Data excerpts
··········

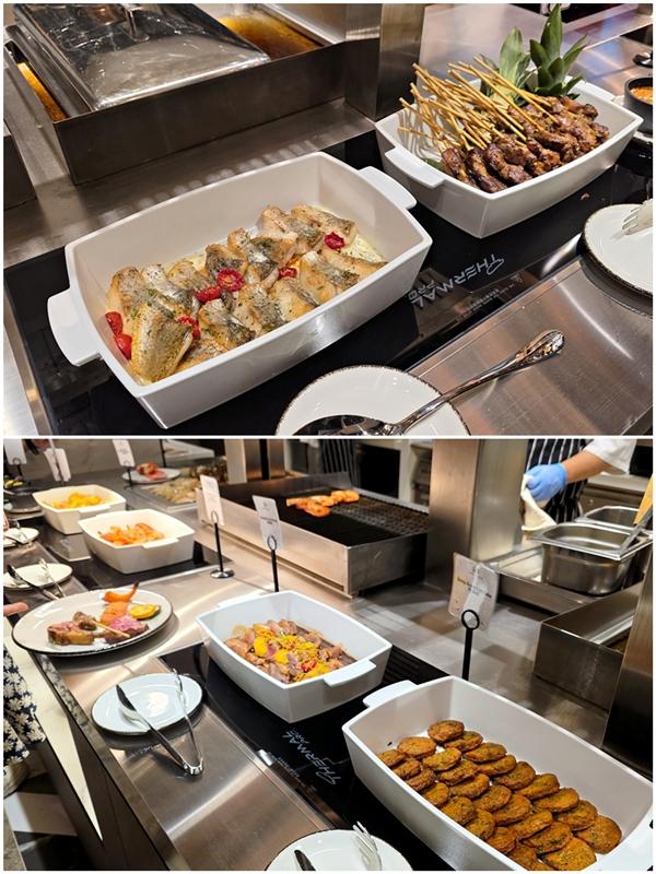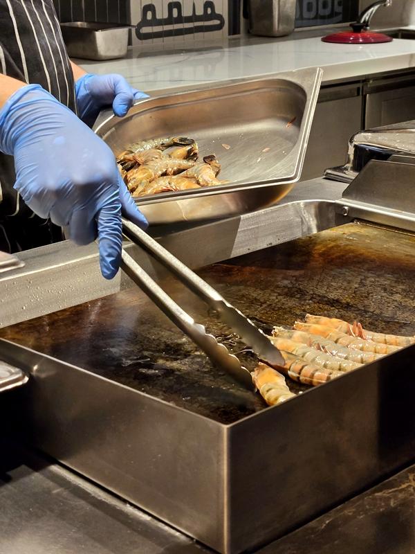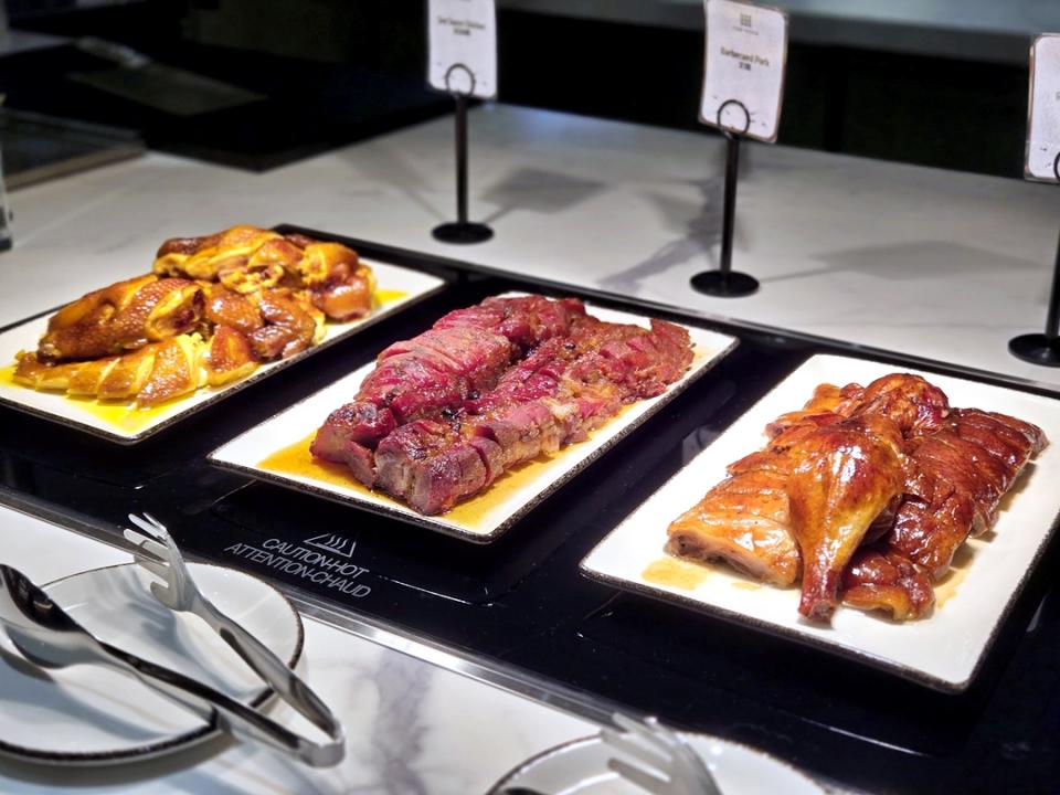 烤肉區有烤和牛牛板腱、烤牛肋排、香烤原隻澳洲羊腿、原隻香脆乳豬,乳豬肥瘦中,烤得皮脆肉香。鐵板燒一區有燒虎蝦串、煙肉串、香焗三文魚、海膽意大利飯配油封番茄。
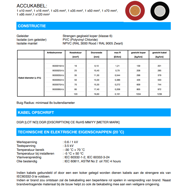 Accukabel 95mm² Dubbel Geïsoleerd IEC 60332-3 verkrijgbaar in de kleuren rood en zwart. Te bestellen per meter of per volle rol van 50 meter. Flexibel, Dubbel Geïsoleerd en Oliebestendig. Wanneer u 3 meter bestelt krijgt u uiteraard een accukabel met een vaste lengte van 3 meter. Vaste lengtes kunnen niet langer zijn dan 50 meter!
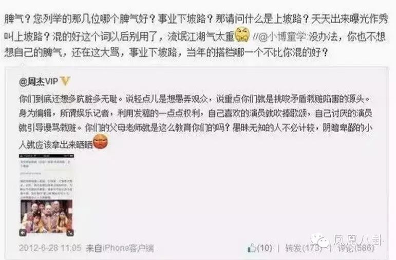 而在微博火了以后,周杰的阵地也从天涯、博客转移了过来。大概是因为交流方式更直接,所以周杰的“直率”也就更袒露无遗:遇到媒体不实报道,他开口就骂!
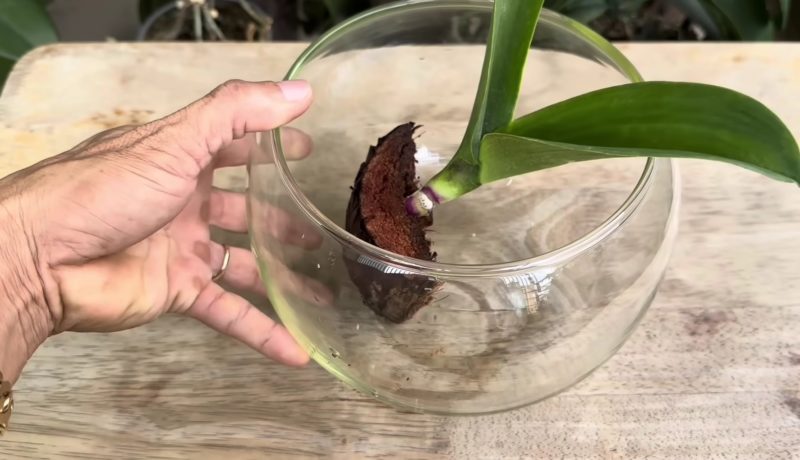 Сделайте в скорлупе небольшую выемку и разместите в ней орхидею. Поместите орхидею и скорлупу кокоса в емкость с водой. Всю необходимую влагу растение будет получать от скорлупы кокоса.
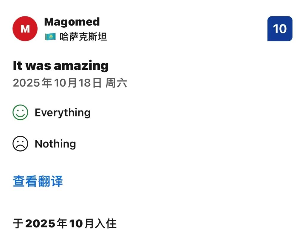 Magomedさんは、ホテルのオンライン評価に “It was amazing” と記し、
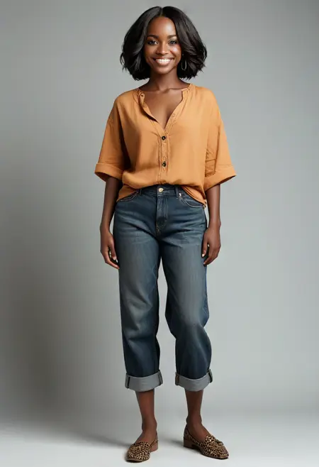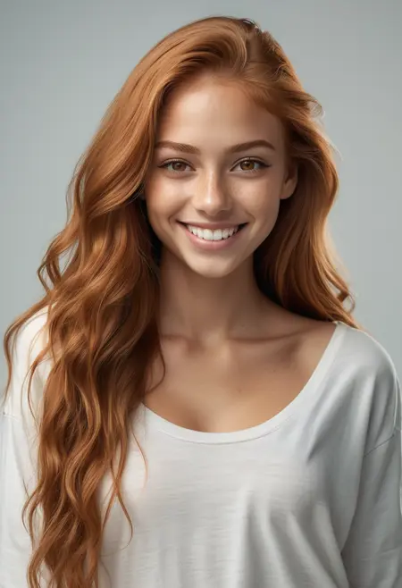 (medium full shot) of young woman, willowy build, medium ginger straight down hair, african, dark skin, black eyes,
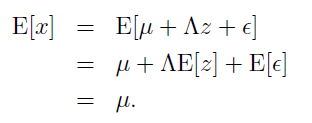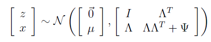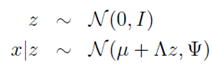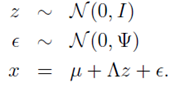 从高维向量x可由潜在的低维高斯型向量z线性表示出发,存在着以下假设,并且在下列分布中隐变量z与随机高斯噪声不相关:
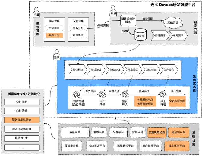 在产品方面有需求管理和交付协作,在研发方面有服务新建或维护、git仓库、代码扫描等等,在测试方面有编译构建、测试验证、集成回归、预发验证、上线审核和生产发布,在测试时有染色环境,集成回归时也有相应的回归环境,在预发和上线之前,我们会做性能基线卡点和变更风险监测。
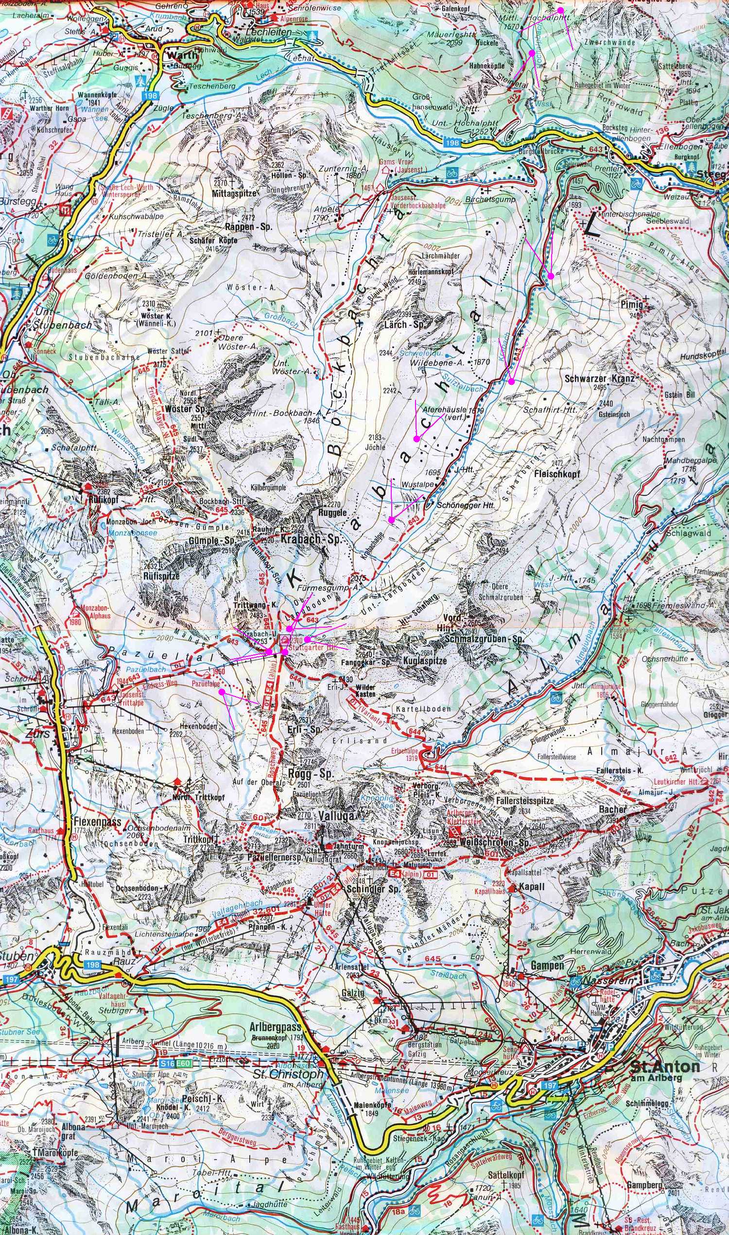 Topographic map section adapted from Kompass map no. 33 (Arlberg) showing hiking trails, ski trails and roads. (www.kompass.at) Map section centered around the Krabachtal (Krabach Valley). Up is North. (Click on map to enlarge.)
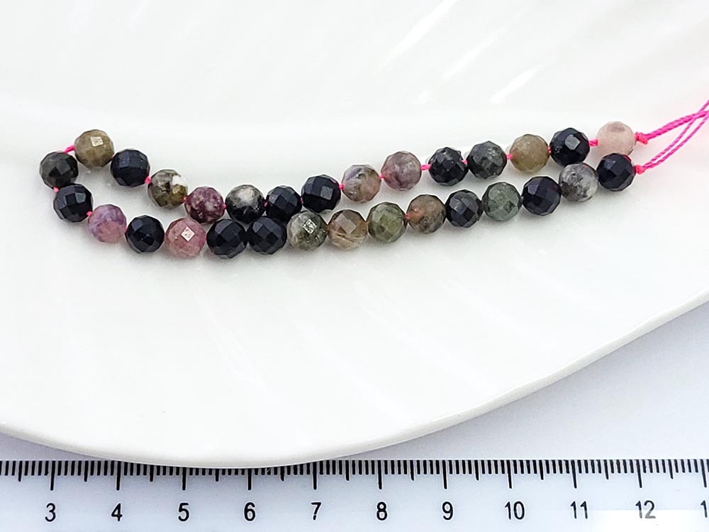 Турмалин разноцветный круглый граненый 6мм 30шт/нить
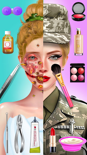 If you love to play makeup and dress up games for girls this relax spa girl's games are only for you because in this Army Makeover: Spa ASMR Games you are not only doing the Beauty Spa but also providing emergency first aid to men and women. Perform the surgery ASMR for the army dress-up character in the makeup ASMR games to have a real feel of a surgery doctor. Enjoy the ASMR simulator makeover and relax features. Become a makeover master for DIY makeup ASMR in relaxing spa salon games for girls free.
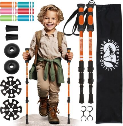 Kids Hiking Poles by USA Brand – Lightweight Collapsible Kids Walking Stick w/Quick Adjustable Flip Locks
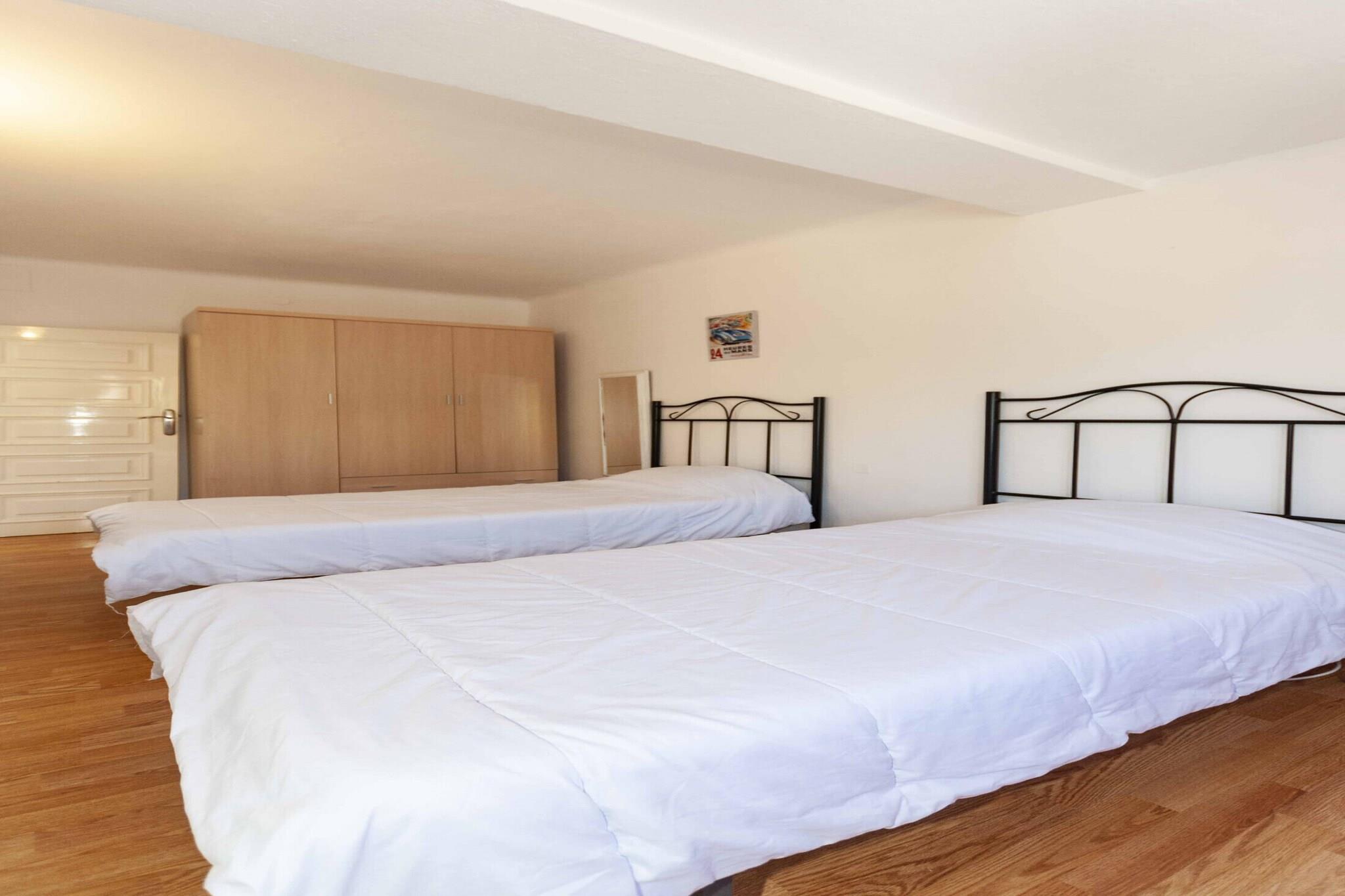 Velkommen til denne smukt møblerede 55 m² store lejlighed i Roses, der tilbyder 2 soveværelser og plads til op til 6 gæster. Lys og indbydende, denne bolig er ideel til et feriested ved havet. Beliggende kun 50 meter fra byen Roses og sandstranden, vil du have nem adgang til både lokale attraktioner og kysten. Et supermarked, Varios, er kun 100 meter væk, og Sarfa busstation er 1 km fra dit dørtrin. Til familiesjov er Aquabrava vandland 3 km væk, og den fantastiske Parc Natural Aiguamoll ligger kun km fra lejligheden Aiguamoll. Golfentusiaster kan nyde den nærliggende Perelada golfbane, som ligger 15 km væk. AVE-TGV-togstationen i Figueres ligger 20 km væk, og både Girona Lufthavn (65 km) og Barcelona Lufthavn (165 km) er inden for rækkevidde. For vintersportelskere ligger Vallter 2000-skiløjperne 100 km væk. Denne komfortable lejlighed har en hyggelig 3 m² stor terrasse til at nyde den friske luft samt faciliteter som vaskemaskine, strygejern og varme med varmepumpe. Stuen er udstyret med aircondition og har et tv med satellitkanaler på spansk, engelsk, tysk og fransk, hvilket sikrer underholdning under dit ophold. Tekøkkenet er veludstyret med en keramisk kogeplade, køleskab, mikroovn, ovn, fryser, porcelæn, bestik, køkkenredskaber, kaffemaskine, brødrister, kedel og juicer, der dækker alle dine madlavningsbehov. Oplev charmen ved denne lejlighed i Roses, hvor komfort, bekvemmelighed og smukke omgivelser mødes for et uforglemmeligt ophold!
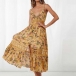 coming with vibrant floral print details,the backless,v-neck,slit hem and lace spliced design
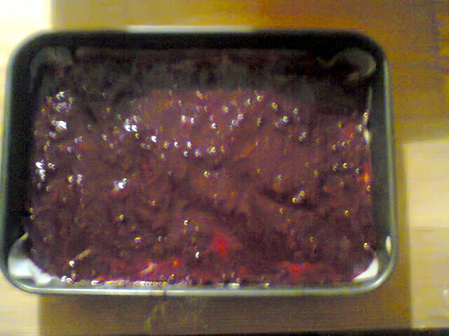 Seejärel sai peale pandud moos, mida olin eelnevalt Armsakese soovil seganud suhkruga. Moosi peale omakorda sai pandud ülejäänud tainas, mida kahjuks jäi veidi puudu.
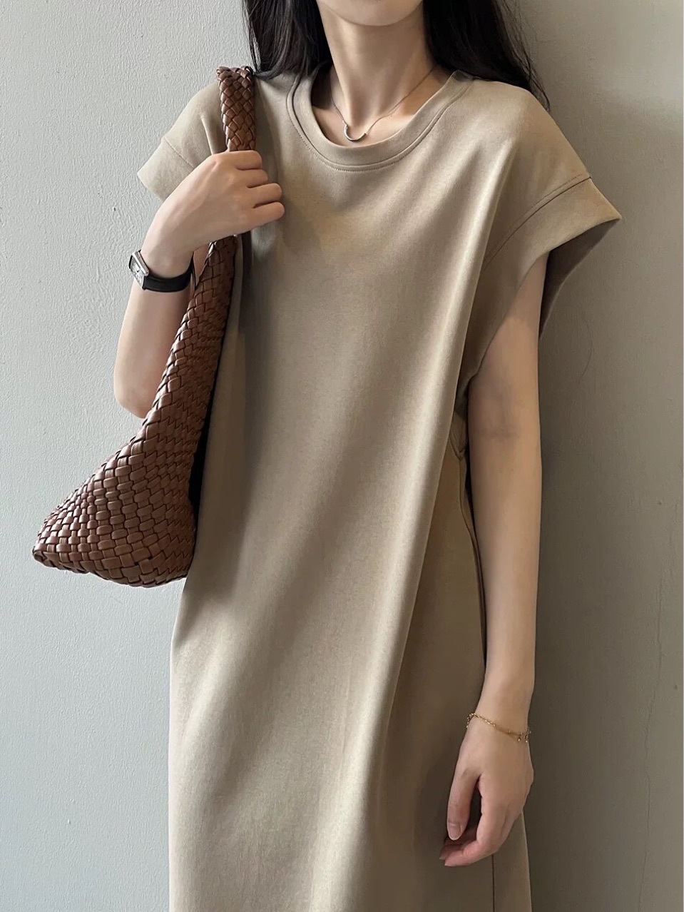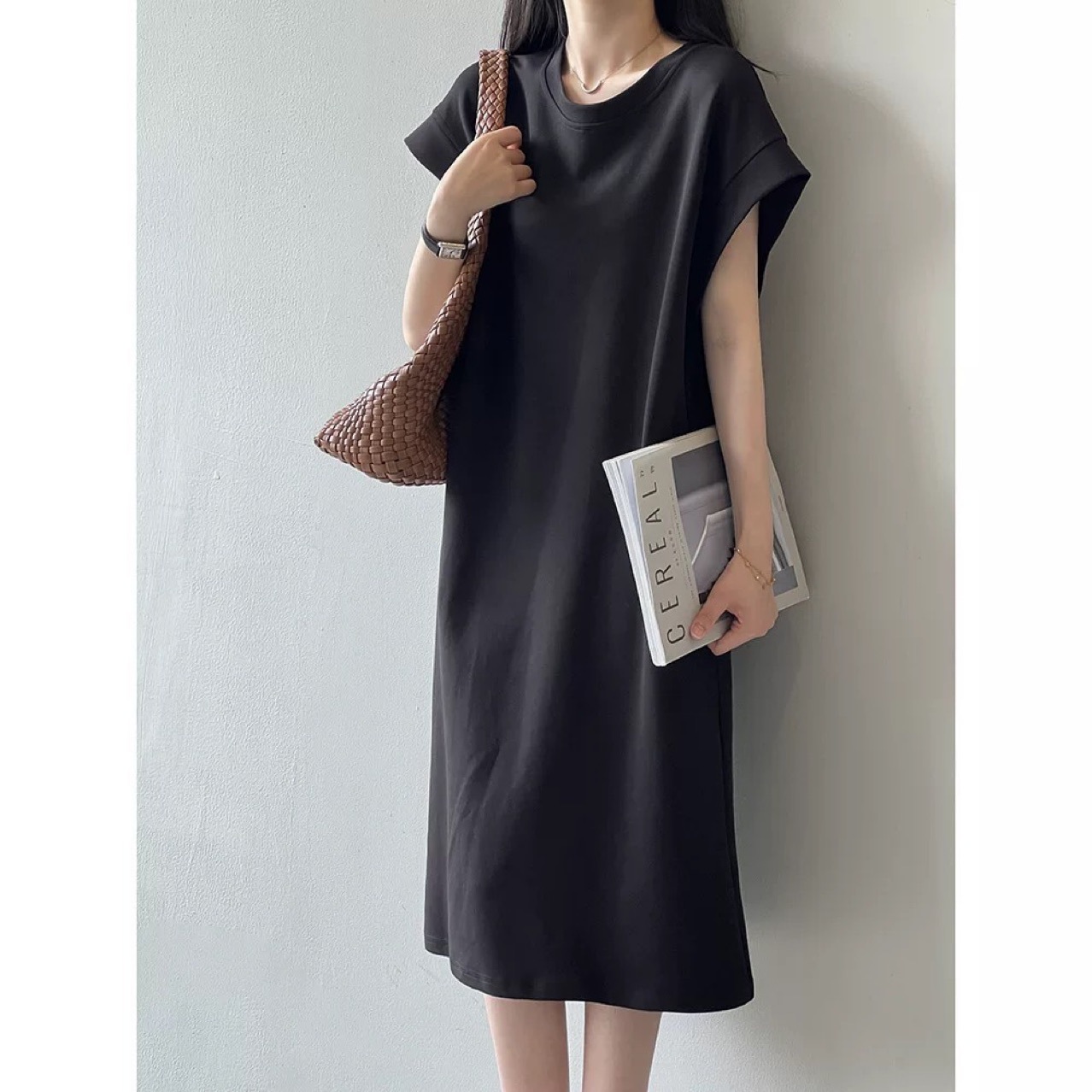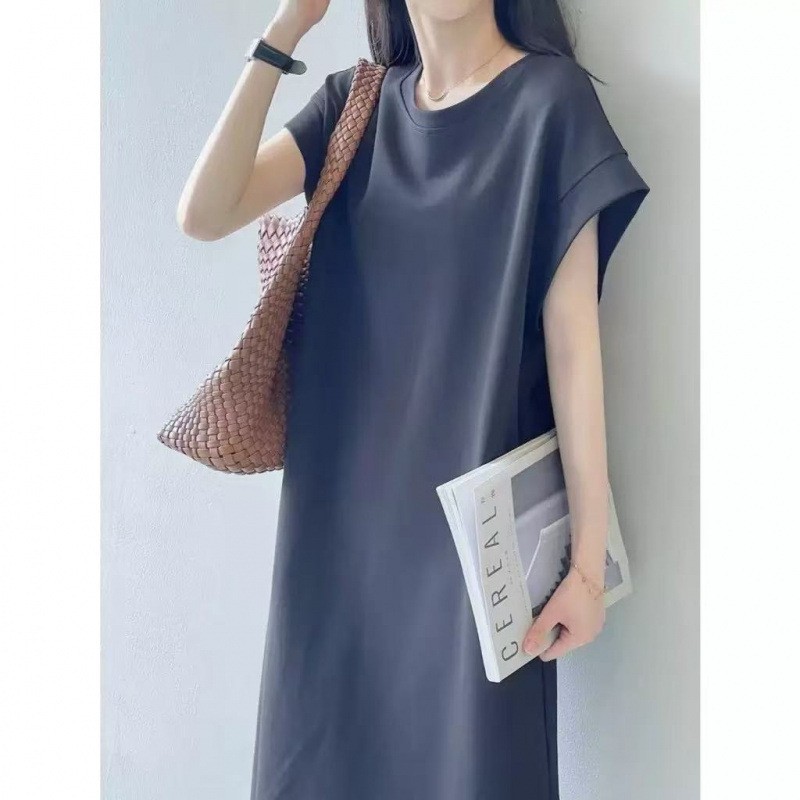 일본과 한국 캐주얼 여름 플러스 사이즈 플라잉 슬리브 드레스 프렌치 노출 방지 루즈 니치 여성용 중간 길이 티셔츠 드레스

··········

#### [TASK ITEM]
An exact copy is required of the lines from the start of the records above through the line with "Сделайте в скорлупе", and only those, without any pictures.

#### [THE COMPLETED TASK]
 烤肉區有烤和牛牛板腱、烤牛肋排、香烤原隻澳洲羊腿、原隻香脆乳豬,乳豬肥瘦中,烤得皮脆肉香。鐵板燒一區有燒虎蝦串、煙肉串、香焗三文魚、海膽意大利飯配油封番茄。
 Accukabel 95mm² Dubbel Geïsoleerd IEC 60332-3 verkrijgbaar in de kleuren rood en zwart. Te bestellen per meter of per volle rol van 50 meter. Flexibel, Dubbel Geïsoleerd en Oliebestendig. Wanneer u 3 meter bestelt krijgt u uiteraard een accukabel met een vaste lengte van 3 meter. Vaste lengtes kunnen niet langer zijn dan 50 meter!
 而在微博火了以后,周杰的阵地也从天涯、博客转移了过来。大概是因为交流方式更直接,所以周杰的“直率”也就更袒露无遗:遇到媒体不实报道,他开口就骂!
 Сделайте в скорлупе небольшую выемку и разместите в ней орхидею. Поместите орхидею и скорлупу кокоса в емкость с водой. Всю необходимую влагу растение будет получать от скорлупы кокоса.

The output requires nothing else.